───── DATA EXCERPTS

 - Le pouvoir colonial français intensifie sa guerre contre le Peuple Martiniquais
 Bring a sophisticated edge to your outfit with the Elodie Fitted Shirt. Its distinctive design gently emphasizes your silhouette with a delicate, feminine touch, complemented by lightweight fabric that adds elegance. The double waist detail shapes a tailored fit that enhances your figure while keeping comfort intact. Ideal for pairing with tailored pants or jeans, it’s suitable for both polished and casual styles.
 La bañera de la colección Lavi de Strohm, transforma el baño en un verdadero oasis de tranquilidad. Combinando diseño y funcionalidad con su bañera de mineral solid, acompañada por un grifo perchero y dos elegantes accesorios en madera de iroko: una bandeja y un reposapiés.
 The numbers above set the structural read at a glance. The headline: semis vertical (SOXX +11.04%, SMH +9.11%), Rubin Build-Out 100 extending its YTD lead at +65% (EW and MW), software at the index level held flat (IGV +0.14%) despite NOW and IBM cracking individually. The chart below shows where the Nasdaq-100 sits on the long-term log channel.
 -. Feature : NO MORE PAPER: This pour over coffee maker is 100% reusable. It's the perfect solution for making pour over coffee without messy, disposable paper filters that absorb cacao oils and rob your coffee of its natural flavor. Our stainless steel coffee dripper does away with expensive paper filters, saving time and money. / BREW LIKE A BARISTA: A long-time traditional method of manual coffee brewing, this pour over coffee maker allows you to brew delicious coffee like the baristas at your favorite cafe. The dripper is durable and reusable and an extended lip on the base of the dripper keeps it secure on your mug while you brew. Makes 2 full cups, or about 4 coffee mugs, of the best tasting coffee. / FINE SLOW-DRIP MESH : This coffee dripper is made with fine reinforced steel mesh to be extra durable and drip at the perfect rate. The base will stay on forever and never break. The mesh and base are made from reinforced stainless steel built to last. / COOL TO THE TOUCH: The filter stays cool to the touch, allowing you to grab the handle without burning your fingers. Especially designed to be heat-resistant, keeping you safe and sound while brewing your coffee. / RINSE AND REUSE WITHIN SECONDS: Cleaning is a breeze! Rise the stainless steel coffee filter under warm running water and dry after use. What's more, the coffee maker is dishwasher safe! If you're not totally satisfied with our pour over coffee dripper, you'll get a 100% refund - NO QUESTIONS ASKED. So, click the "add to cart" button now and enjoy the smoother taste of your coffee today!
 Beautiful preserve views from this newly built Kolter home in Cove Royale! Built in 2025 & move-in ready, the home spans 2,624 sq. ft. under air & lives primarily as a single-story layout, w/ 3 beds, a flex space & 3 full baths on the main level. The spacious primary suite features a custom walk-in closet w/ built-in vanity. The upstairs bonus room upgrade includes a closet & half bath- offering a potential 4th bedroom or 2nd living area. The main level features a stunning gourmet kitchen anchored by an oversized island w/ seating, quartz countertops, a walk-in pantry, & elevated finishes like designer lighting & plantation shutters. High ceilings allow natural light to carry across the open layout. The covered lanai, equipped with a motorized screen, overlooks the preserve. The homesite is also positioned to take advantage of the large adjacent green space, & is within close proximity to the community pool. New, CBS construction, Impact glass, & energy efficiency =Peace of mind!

──────────

WORK INSTRUCTIONS:
Write out all records exactly, keeping every detail.

EXERCISE ANSWER:
 - Le pouvoir colonial français intensifie sa guerre contre le Peuple Martiniquais
 Bring a sophisticated edge to your outfit with the Elodie Fitted Shirt. Its distinctive design gently emphasizes your silhouette with a delicate, feminine touch, complemented by lightweight fabric that adds elegance. The double waist detail shapes a tailored fit that enhances your figure while keeping comfort intact. Ideal for pairing with tailored pants or jeans, it’s suitable for both polished and casual styles.
 La bañera de la colección Lavi de Strohm, transforma el baño en un verdadero oasis de tranquilidad. Combinando diseño y funcionalidad con su bañera de mineral solid, acompañada por un grifo perchero y dos elegantes accesorios en madera de iroko: una bandeja y un reposapiés.
 The numbers above set the structural read at a glance. The headline: semis vertical (SOXX +11.04%, SMH +9.11%), Rubin Build-Out 100 extending its YTD lead at +65% (EW and MW), software at the index level held flat (IGV +0.14%) despite NOW and IBM cracking individually. The chart below shows where the Nasdaq-100 sits on the long-term log channel.
 -. Feature : NO MORE PAPER: This pour over coffee maker is 100% reusable. It's the perfect solution for making pour over coffee without messy, disposable paper filters that absorb cacao oils and rob your coffee of its natural flavor. Our stainless steel coffee dripper does away with expensive paper filters, saving time and money. / BREW LIKE A BARISTA: A long-time traditional method of manual coffee brewing, this pour over coffee maker allows you to brew delicious coffee like the baristas at your favorite cafe. The dripper is durable and reusable and an extended lip on the base of the dripper keeps it secure on your mug while you brew. Makes 2 full cups, or about 4 coffee mugs, of the best tasting coffee. / FINE SLOW-DRIP MESH : This coffee dripper is made with fine reinforced steel mesh to be extra durable and drip at the perfect rate. The base will stay on forever and never break. The mesh and base are made from reinforced stainless steel built to last. / COOL TO THE TOUCH: The filter stays cool to the touch, allowing you to grab the handle without burning your fingers. Especially designed to be heat-resistant, keeping you safe and sound while brewing your coffee. / RINSE AND REUSE WITHIN SECONDS: Cleaning is a breeze! Rise the stainless steel coffee filter under warm running water and dry after use. What's more, the coffee maker is dishwasher safe! If you're not totally satisfied with our pour over coffee dripper, you'll get a 100% refund - NO QUESTIONS ASKED. So, click the "add to cart" button now and enjoy the smoother taste of your coffee today!
 Beautiful preserve views from this newly built Kolter home in Cove Royale! Built in 2025 & move-in ready, the home spans 2,624 sq. ft. under air & lives primarily as a single-story layout, w/ 3 beds, a flex space & 3 full baths on the main level. The spacious primary suite features a custom walk-in closet w/ built-in vanity. The upstairs bonus room upgrade includes a closet & half bath- offering a potential 4th bedroom or 2nd living area. The main level features a stunning gourmet kitchen anchored by an oversized island w/ seating, quartz countertops, a walk-in pantry, & elevated finishes like designer lighting & plantation shutters. High ceilings allow natural light to carry across the open layout. The covered lanai, equipped with a motorized screen, overlooks the preserve. The homesite is also positioned to take advantage of the large adjacent green space, & is within close proximity to the community pool. New, CBS construction, Impact glass, & energy efficiency =Peace of mind!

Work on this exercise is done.